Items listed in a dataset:
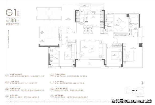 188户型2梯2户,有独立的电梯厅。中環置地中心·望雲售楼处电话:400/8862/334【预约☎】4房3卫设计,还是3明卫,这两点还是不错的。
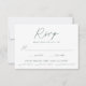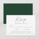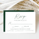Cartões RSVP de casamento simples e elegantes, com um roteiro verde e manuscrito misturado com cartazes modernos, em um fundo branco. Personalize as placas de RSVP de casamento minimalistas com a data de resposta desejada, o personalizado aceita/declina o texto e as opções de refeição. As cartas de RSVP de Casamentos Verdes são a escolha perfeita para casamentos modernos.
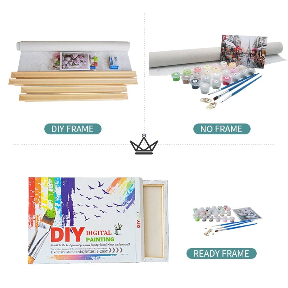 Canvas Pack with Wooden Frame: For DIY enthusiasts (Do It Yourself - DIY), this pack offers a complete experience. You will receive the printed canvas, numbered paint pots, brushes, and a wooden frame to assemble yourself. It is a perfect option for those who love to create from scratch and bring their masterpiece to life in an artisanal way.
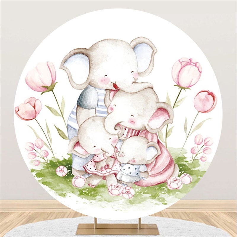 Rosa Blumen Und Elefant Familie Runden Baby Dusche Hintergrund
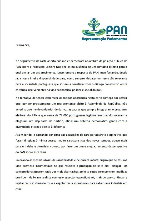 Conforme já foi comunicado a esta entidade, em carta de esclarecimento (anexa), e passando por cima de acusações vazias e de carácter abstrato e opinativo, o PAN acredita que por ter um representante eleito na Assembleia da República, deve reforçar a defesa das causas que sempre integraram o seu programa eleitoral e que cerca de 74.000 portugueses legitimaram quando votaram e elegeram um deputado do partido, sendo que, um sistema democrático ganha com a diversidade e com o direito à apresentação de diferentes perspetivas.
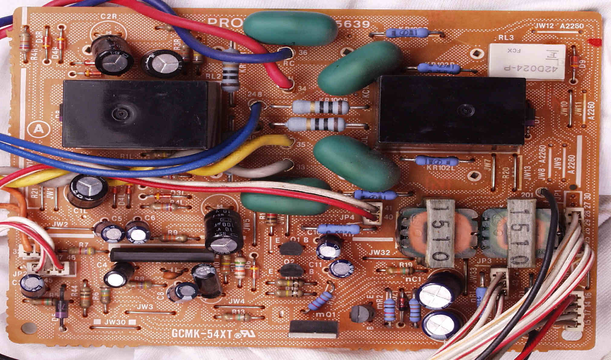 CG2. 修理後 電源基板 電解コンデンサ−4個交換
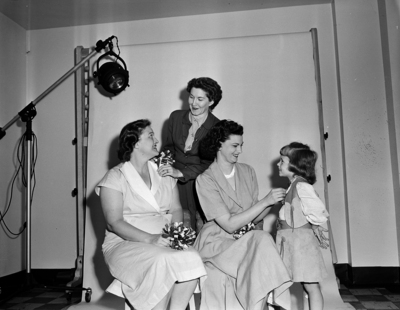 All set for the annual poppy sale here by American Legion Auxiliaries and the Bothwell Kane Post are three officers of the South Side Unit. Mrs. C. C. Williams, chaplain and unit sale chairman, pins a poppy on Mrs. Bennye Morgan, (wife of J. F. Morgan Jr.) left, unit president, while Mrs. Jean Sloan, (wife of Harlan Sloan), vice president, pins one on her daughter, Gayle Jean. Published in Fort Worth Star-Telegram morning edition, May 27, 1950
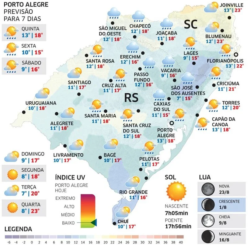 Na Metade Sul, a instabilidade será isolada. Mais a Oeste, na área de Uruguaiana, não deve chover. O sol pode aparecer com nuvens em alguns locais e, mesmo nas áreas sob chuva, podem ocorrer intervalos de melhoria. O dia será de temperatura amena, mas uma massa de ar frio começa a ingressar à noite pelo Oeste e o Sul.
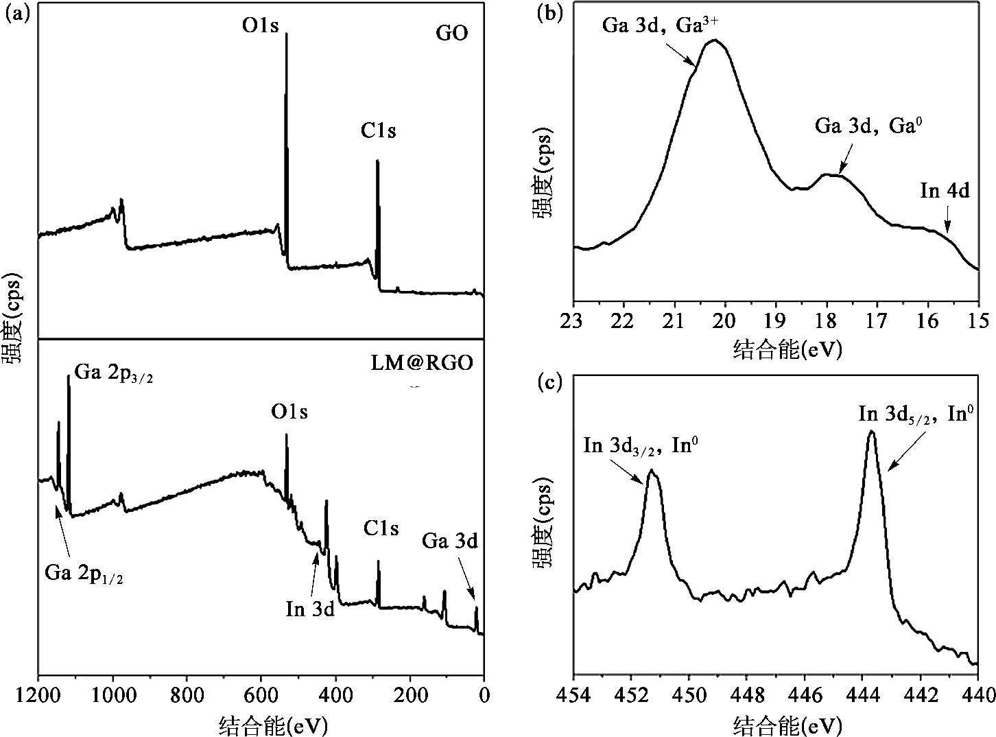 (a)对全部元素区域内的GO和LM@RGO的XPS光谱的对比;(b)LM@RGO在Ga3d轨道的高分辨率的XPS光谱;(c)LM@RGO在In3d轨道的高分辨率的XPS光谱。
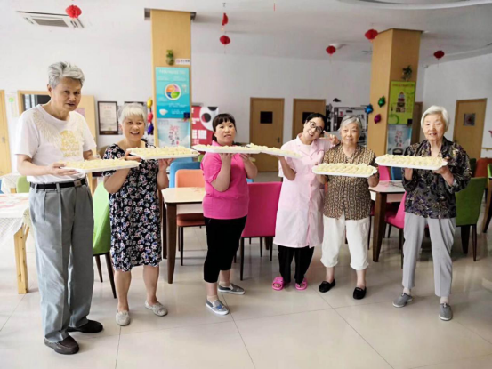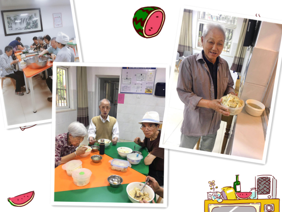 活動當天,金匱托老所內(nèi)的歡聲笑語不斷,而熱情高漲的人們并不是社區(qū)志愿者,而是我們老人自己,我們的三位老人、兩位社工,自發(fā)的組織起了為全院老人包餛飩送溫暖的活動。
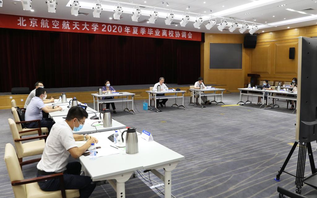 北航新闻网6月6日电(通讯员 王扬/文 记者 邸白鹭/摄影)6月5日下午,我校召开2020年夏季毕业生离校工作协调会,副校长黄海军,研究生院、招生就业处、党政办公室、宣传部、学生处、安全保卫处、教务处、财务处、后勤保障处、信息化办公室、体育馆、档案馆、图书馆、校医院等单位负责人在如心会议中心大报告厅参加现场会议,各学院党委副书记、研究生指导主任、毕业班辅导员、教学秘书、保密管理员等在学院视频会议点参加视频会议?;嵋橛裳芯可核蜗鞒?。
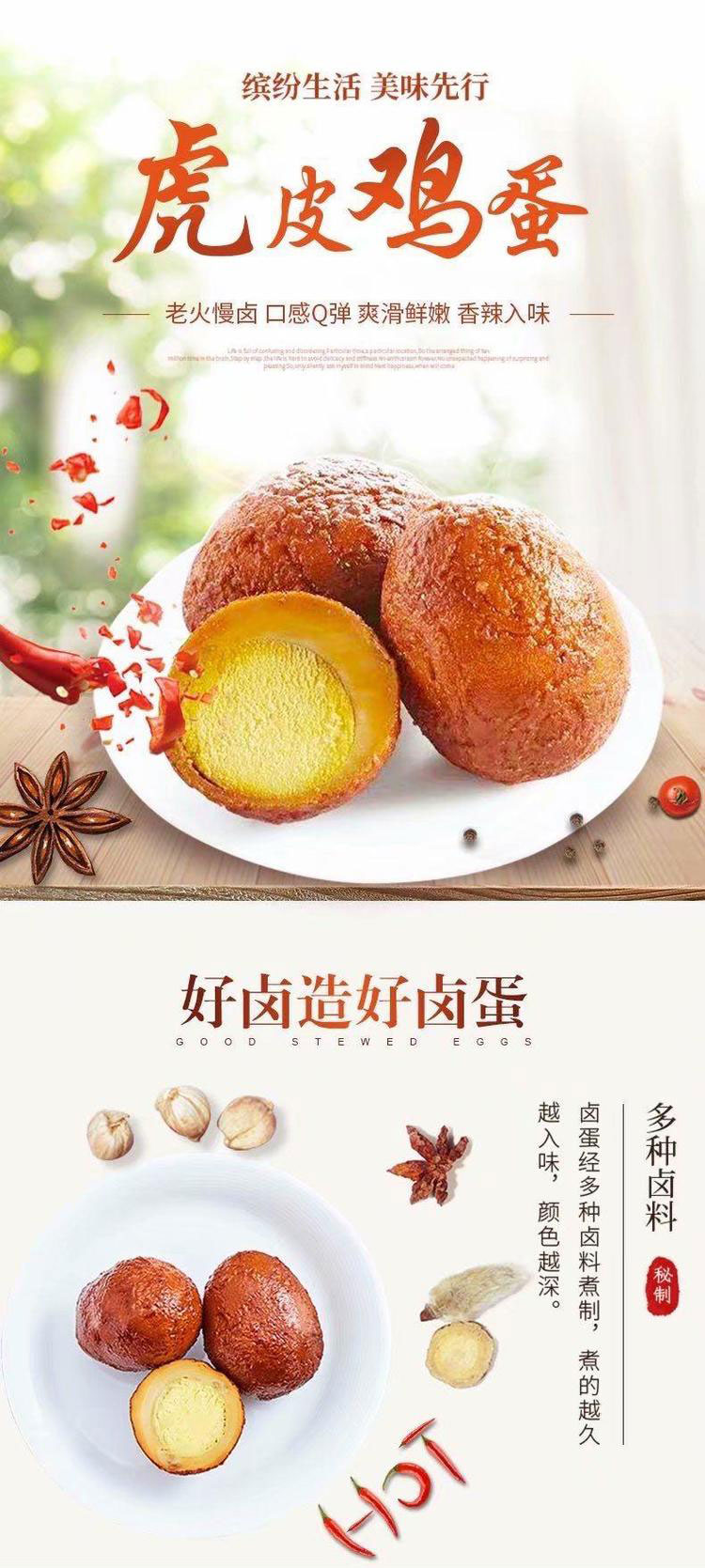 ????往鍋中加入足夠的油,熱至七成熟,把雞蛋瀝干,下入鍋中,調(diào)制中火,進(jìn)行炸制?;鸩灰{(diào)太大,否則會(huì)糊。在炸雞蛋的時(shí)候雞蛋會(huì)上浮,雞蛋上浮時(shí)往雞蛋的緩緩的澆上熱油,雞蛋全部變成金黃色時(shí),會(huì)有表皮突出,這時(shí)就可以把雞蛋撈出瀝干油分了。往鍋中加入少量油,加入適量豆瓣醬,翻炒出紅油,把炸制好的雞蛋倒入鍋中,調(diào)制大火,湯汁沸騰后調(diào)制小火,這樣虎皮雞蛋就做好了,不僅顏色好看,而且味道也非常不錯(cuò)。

[Exercise objective]
Transcribe the lines that run from the line bearing "北航新闻网6月6日电(通讯员 王扬/文 记者" through the last line of the data. Keep the wording exact and leave out every picture.

[Finished exercise]
 北航新闻网6月6日电(通讯员 王扬/文 记者 邸白鹭/摄影)6月5日下午,我校召开2020年夏季毕业生离校工作协调会,副校长黄海军,研究生院、招生就业处、党政办公室、宣传部、学生处、安全保卫处、教务处、财务处、后勤保障处、信息化办公室、体育馆、档案馆、图书馆、校医院等单位负责人在如心会议中心大报告厅参加现场会议,各学院党委副书记、研究生指导主任、毕业班辅导员、教学秘书、保密管理员等在学院视频会议点参加视频会议?;嵋橛裳芯可核蜗鞒?。
 ????往鍋中加入足夠的油,熱至七成熟,把雞蛋瀝干,下入鍋中,調(diào)制中火,進(jìn)行炸制?;鸩灰{(diào)太大,否則會(huì)糊。在炸雞蛋的時(shí)候雞蛋會(huì)上浮,雞蛋上浮時(shí)往雞蛋的緩緩的澆上熱油,雞蛋全部變成金黃色時(shí),會(huì)有表皮突出,這時(shí)就可以把雞蛋撈出瀝干油分了。往鍋中加入少量油,加入適量豆瓣醬,翻炒出紅油,把炸制好的雞蛋倒入鍋中,調(diào)制大火,湯汁沸騰后調(diào)制小火,這樣虎皮雞蛋就做好了,不僅顏色好看,而且味道也非常不錯(cuò)。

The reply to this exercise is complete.